Les conditions météorologiques estivales extrêmes compromettent la récolte d'olives en Europe
La chaleur et la sécheresse prolongées pèsent sur le développement des oliviers, de la Turquie à la Croatie, tandis que les feux de forêt et les ravageurs aggravent la situation à l'approche de la récolte 2026/27.
Cet été, les vagues de chaleur et de sécheresse prolongées sont devenues un défi commun pour les oléiculteurs dans une grande partie de l’Europe, sur un continent que les scientifiques considèrent comme celui qui se réchauffe le plus rapidement sur la planète.
Les oliviers comptent parmi les cultures pérennes les plus résistantes à la sécheresse, mais une chaleur et une sécheresse extrêmes et prolongées peuvent réduire considérablement leur productivité.
En Turquie, une canicule exceptionnelle a affecté le développement des olives dans certaines des principales régions productrices du pays, notamment dans la région occidentale de Manisa.
« L’été a été particulièrement chaud à Manisa-Köprübaşı et dans ses environs, avec des températures atteignant 35 °C à 38 °C », a déclaré Ismail Sahin, de la marque primée Zagoda Olive Oil, à Olive Oil Times.
M. Sahin a précisé que la période de juin à août avait également été extrêmement sèche, avec pratiquement aucune précipitation.
« La chaleur et la sécheresse ont un impact négatif sur le développement des olives », a-t-il ajouté. « Chez Zagoda, nous essayons de minimiser ces problèmes grâce à une irrigation régulière. »
M. Sahin a indiqué que les rendements dans la région devraient s’améliorer par rapport à la récolte précédente de 2025/26, lors de laquelle la production d’huile d’olive n’avait atteint que 40 % du niveau prévu.
« Nous prévoyons une production supérieure d’environ 35 % à celle de la saison précédente », a-t-il déclaré. « C’est pourquoi je ne considère pas comme réalistes les affirmations relayées par la presse et les médias selon lesquelles la Turquie atteindrait une production record d’huile d’olive au cours de la nouvelle saison. »
M. Sahin a également souligné que la hausse des coûts de production constituait un autre défi majeur pour les producteurs d’huile d’olive turcs, rendant plus difficile leur compétitivité sur les marchés internationaux.
Dans le nord de la péninsule grecque de Chalcidique, les producteurs s’attendent à une récolte d’olives inférieure à la moyenne en raison des conditions météorologiques défavorables de cet été.

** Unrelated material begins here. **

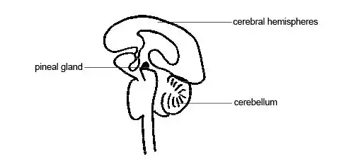 The pineal gland is found deep within the brain (see diagram 16.4). It is sometimes known as the ‘third eye” as it responds to light and day length. It produces the hormone melatonin, which influences the development of sexual maturity and the seasonality of breeding and hibernation. Bright light inhibits melatonin secretion Low level of melatonin in bright light makes one feel good and this increases fertility. High level of melatonin in dim light makes an animal tired and depressed and therefore causes low fertility in animals.
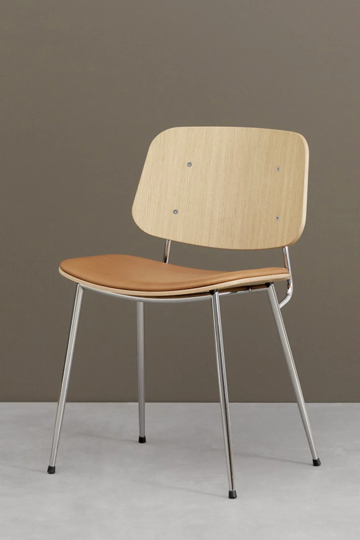 Liker du dansk design, vil du elske denne versjonen av klassikeren som ble designet av Børge Mogensen i 1952. Denne modellen kommer med ben i krom, rygg i eik og sete i cognacfarget, miljøsertifisert anilinskinn. Søborgstolen har klart å kombinere snekkertradisjoner i massivt tre med moderne, formspent finér i perfekt samspill med ramme i en enkel stålkonstruksjon. Seteputen er utskiftbar og trukket i CMHR eller HR-skum med trekk i stoff eller skinn. Søborg-stolen er en behagelig stol med sjenerøse proporsjoner i sete og rygg, som fås med eller uten polstring. De avrundede formene og polstringen i setet gir stolen ekstra god sittekomfort – perfekt til lange frokoster og middager. Søborg-stolen har utskiftbare komponenter som kan fornyes separat etter behov. Hvis du ønsker mer informasjon om stolen eller vil se på stoff-eller skinnprøver, så ta turen innom butikken – vi hjelper deg gjerne!

« La saison a bien commencé, mais il semble que [la récolte] sera inférieure à la moyenne », a déclaré Konstantinos Vlavis, président de l’association agricole locale de Metaggitsi.
« Les conditions météorologiques défavorables ont provoqué la chute des olives au sol », a-t-il ajouté. « La sécheresse et quelques pluies sporadiques ont également favorisé la prolifération d’insectes tels que le foreur de l’olivier à une période critique [pour les olives]. »
Contrairement aux années précédentes marquées par un déficit pluviométrique, la Grèce a connu un hiver pluvieux. M. Vlavis a toutefois souligné que les périodes prolongées de chaleur et de sécheresse sont devenues de plus en plus fréquentes, modifiant radicalement les conditions de culture de l’olivier.
« Les ravageurs de l’olivier peuvent désormais apparaître plus tôt que d’habitude, et s’ils ne sont pas traités correctement, les producteurs subiront des pertes importantes sur leurs récoltes », a-t-il déclaré.
Après la récolte décevante de l’année dernière, certaines premières projections estiment que la production grecque d’huile d’olive dépassera la récolte moyenne de 200 000 tonnes métriques en 2026/27.
La Grèce a connu une saison des feux de forêt relativement calme jusqu’à la mi-juillet. Cependant, des dizaines d’incendies se sont déclarés à travers le pays fin juillet et début août, ravageant de vastes étendues de forêts et de terres agricoles, y compris des oliveraies.
Les oliviers ont été endommagés par les incendies dans plusieurs régions productrices, notamment en Béotie et en Attique, dans le centre de la Grèce, ainsi que dans le nord de la péninsule de Chalcidique et en Crète.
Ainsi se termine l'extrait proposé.